**Activity**
When you copy the material below, keep every line exact and leave each picture out.

**Supplied data**
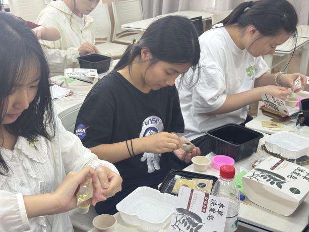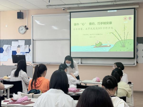 在实践团队成员的带领下,同学们首先开始了香囊的制作。由五色丝线刺绣而成、形态各异的香囊圆袋被置于桌上,在其中填入棉花以及中药香包,将香囊上的绳带一抽一拉,再系上一个寓意吉祥的平安结,一个精巧圆润的香囊便跃然手上。在香囊的馥郁芬芳中,同学们的心灵得以放松。这些由同学们亲手制作,承载着“驱邪避秽”美好寓意的香囊,最后被放置在礼盒中,将跨越群山,跟随实践团的脚步,送往彩云之南,为云南的小朋友们送上最诚挚朴素的祝愿。香囊自此成为了一道靓丽的纽带,跨越了时空,以芳香将人们连结起来,让情感不再因距离而稀释,让祝福不再因时间而褪色。
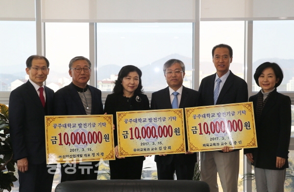 공주대학교(총장직무대리 김희수)는 15일 김상희 교수와 김종인 명예교수, ㈜신안산업개발 정지광 대표 등이 대학 발전과 인재 양성에 써 달라며 각각 1,000만원씩 발전기금을 잇달아 기탁해 화제가 되고 있다.
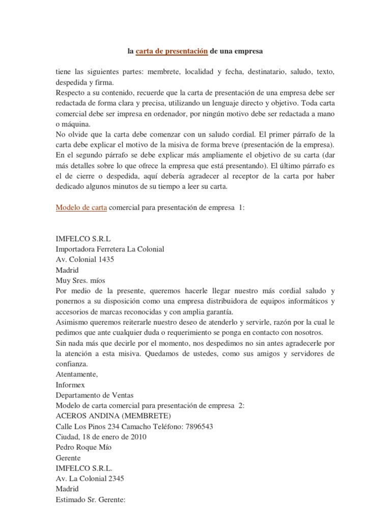 Gratis te ofrecemos los mejores ejemplos de carta de presentación de una empresa distribuidora. Se trata de cartas que emiten las empresas con el fin de darse a conocer y mostrarles a los clientes o posibles clientes los servicios que ofrece y el trabajo al que se dedican. Una de las formas más útiles de dar a conocer tu compañía es redactando una carta de presentación de una empresa la cual tendrás que hacer llegar a todos los posibles clientes para que se conozca tu negocio y mostrar que dispone de los productos y precios que buscan las personas. Modelo de carta presentación de empresa pdf 0 1 mb etiquetas.
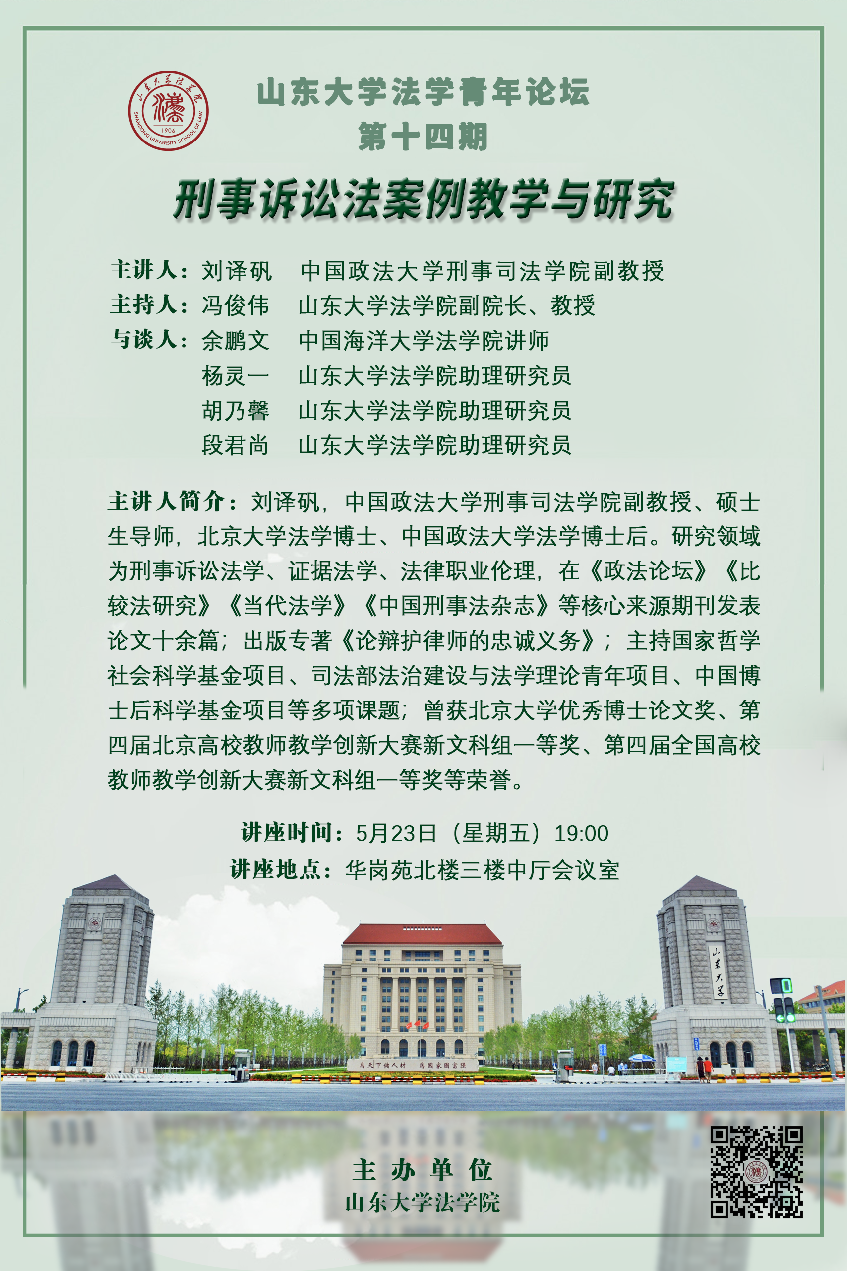 讲座预告 | 红足—世足球网官方网站法学青年论坛第十四期:刑事诉讼法案例教学与研究

**Exercise output**
 在实践团队成员的带领下,同学们首先开始了香囊的制作。由五色丝线刺绣而成、形态各异的香囊圆袋被置于桌上,在其中填入棉花以及中药香包,将香囊上的绳带一抽一拉,再系上一个寓意吉祥的平安结,一个精巧圆润的香囊便跃然手上。在香囊的馥郁芬芳中,同学们的心灵得以放松。这些由同学们亲手制作,承载着“驱邪避秽”美好寓意的香囊,最后被放置在礼盒中,将跨越群山,跟随实践团的脚步,送往彩云之南,为云南的小朋友们送上最诚挚朴素的祝愿。香囊自此成为了一道靓丽的纽带,跨越了时空,以芳香将人们连结起来,让情感不再因距离而稀释,让祝福不再因时间而褪色。
 공주대학교(총장직무대리 김희수)는 15일 김상희 교수와 김종인 명예교수, ㈜신안산업개발 정지광 대표 등이 대학 발전과 인재 양성에 써 달라며 각각 1,000만원씩 발전기금을 잇달아 기탁해 화제가 되고 있다.
 Gratis te ofrecemos los mejores ejemplos de carta de presentación de una empresa distribuidora. Se trata de cartas que emiten las empresas con el fin de darse a conocer y mostrarles a los clientes o posibles clientes los servicios que ofrece y el trabajo al que se dedican. Una de las formas más útiles de dar a conocer tu compañía es redactando una carta de presentación de una empresa la cual tendrás que hacer llegar a todos los posibles clientes para que se conozca tu negocio y mostrar que dispone de los productos y precios que buscan las personas. Modelo de carta presentación de empresa pdf 0 1 mb etiquetas.
 讲座预告 | 红足—世足球网官方网站法学青年论坛第十四期:刑事诉讼法案例教学与研究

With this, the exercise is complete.